Description: Express the morphism part of ( G o.func F ) = I explicitly. (Contributed by Zhi Wang, 15-Nov-2025)

Ref Expression
Hypotheses cofid1a.i 
|- I = ( idFunc ` D )
cofid1a.b 
|- B = ( Base ` D )
cofid1a.x 
|- ( ph -> X e. B )
cofid1a.f 
|- ( ph -> F e. ( D Func E ) )
cofid1a.g 
|- ( ph -> G e. ( E Func D ) )
cofid1a.o 
|- ( ph -> ( G o.func F ) = I )
cofid2a.y 
|- ( ph -> Y e. B )
cofid2a.h 
|- H = ( Hom ` D )
cofid2a.r 
|- ( ph -> R e. ( X H Y ) )
Assertion cofid2a 
|- ( ph -> ( ( ( ( 1st ` F ) ` X ) ( 2nd ` G ) ( ( 1st ` F ) ` Y ) ) ` ( ( X ( 2nd ` F ) Y ) ` R ) ) = R )

Proof

Step Hyp Ref Expression
1 cofid1a.i 
 |-  I = ( idFunc ` D )
2 cofid1a.b 
 |-  B = ( Base ` D )
3 cofid1a.x 
 |-  ( ph -> X e. B )
4 cofid1a.f 
 |-  ( ph -> F e. ( D Func E ) )
5 cofid1a.g 
 |-  ( ph -> G e. ( E Func D ) )
6 cofid1a.o 
 |-  ( ph -> ( G o.func F ) = I )
7 cofid2a.y 
 |-  ( ph -> Y e.
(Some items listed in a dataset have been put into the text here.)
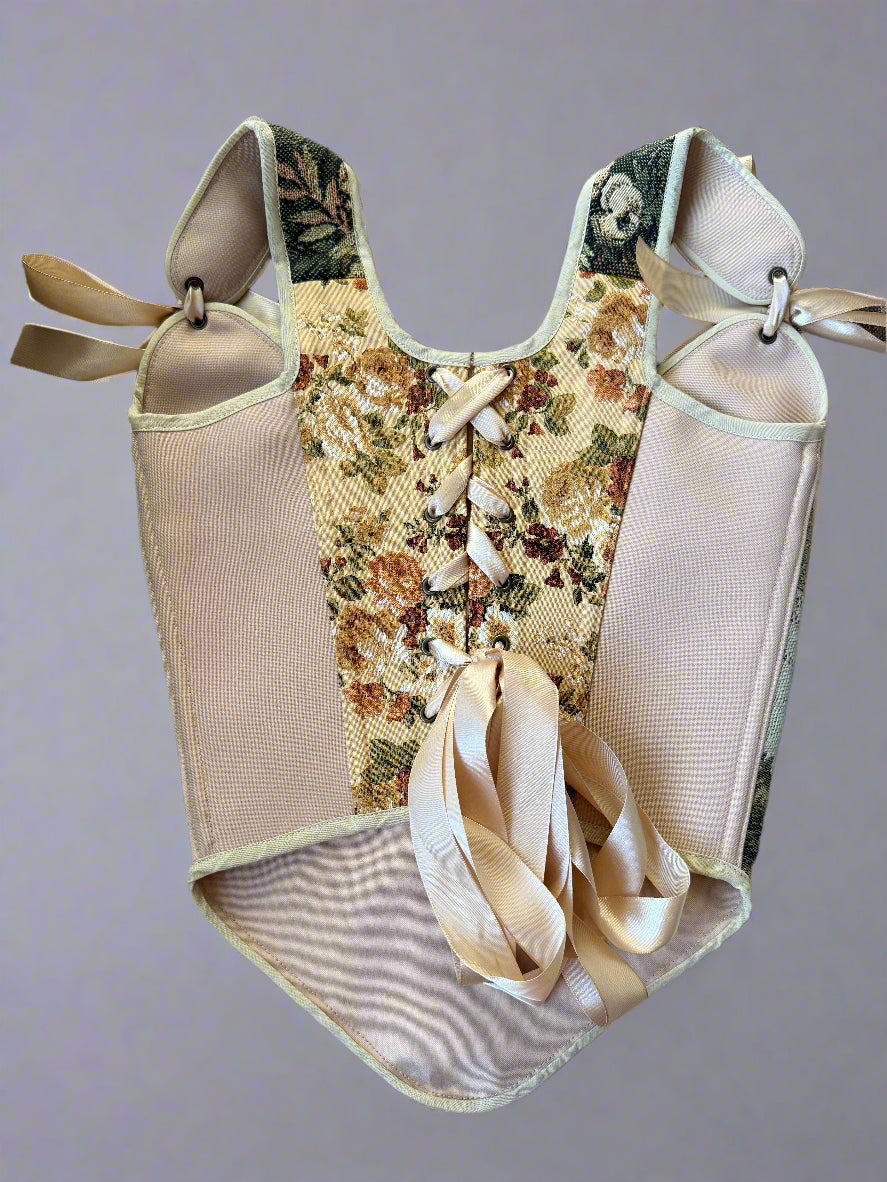 One of a kind corset top is created from the upcycled 1960s Eastern Germany vintage tapestry.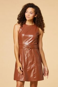 This dress looks so good they’ll have no choice but to stop and stare. Faux leather fabrication with a ring belt and a fit and flare style flatters your shape and keeps you on trend no matter where you go.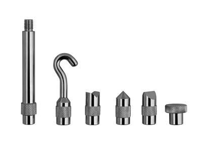 Extension rod, small hook, notched tip, pointed tip, pointed tip, flat head
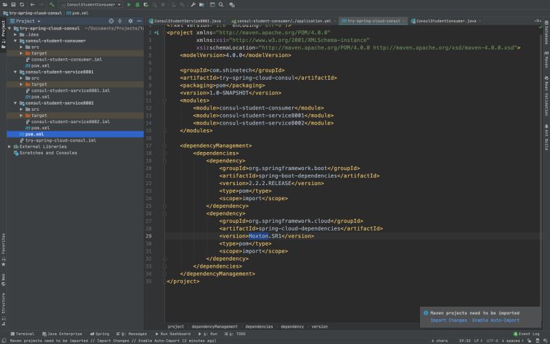 - 准备工作新建父工程, 主要约定SpringCloud, SpringBoot版本号,我使用的是Hoxton.SR1, SpringBoot2.2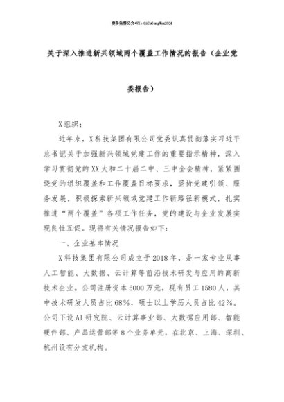 【七哥公文】2025年:【七哥公文】关于深入推进新兴领域两个覆盖工作情况的报告(企业党委报告)+更多免费公文+VX:QiGeGongWen2024+更多免费公文+VX:QiGeGongWen2024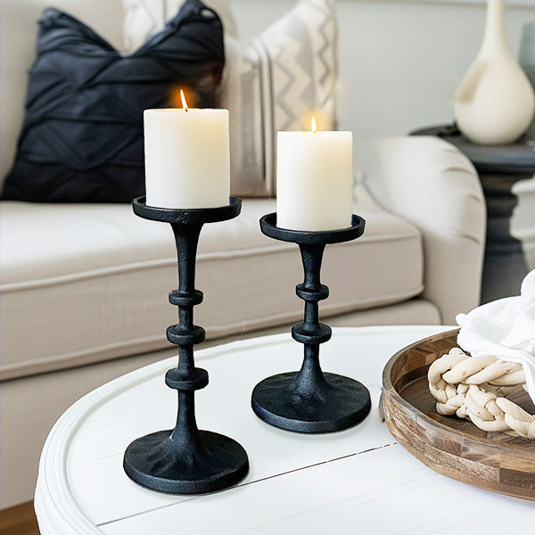 Enhance your home decor with the timeless elegance of our Black Cast Iron Pillar Candle Holders. This set of two candle holders combines classic design with robust construction, making them a perfect addition to any room. Ideal for creating a warm, inviting atmosphere, these candle holders are both stylish and functional.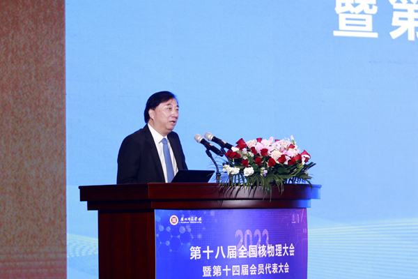 陈东风宣读中国核学会贺信。贺信指出,全国核学会核物理分会成立以来,加强了核物理研究在我国国民经济方面的应用研究,提升了我国核物理的研究能力与水平,团结凝聚了核物理研究领域的优秀人才,壮大了中国核学会的实力和影响力,为我国核事业建设作出了重要贡献。

B )
8 cofid2a.h 
 |-  H = ( Hom ` D )
9 cofid2a.r 
 |-  ( ph -> R e. ( X H Y ) )
10 6 fveq2d 
 |-  ( ph -> ( 2nd ` ( G o.func F ) ) = ( 2nd ` I ) )
11 10 oveqd 
 |-  ( ph -> ( X ( 2nd ` ( G o.func F ) ) Y ) = ( X ( 2nd ` I ) Y ) )
12 11 fveq1d 
 |-  ( ph -> ( ( X ( 2nd ` ( G o.func F ) ) Y ) ` R ) = ( ( X ( 2nd ` I ) Y ) ` R ) )
13 2 4 5 3 7 8 9 cofu2 
 |-  ( ph -> ( ( X ( 2nd ` ( G o.func F ) ) Y ) ` R ) = ( ( ( ( 1st ` F ) ` X ) ( 2nd ` G ) ( ( 1st ` F ) ` Y ) ) ` ( ( X ( 2nd ` F ) Y ) ` R ) ) )
14 4 func1st2nd 
 |-  ( ph -> ( 1st ` F ) ( D Func E ) ( 2nd ` F ) )
15 14 funcrcl2 
 |-  ( ph -> D e. Cat )
16 1 2 15 8 3 7 9 idfu2 
 |-  ( ph -> ( ( X ( 2nd ` I ) Y ) ` R ) = R )
17 12 13 16 3eqtr3d 
 |-  ( ph -> ( ( ( ( 1st ` F ) ` X ) ( 2nd ` G ) ( ( 1st ` F ) ` Y ) ) ` ( ( X ( 2nd ` F ) Y ) ` R ) ) = R )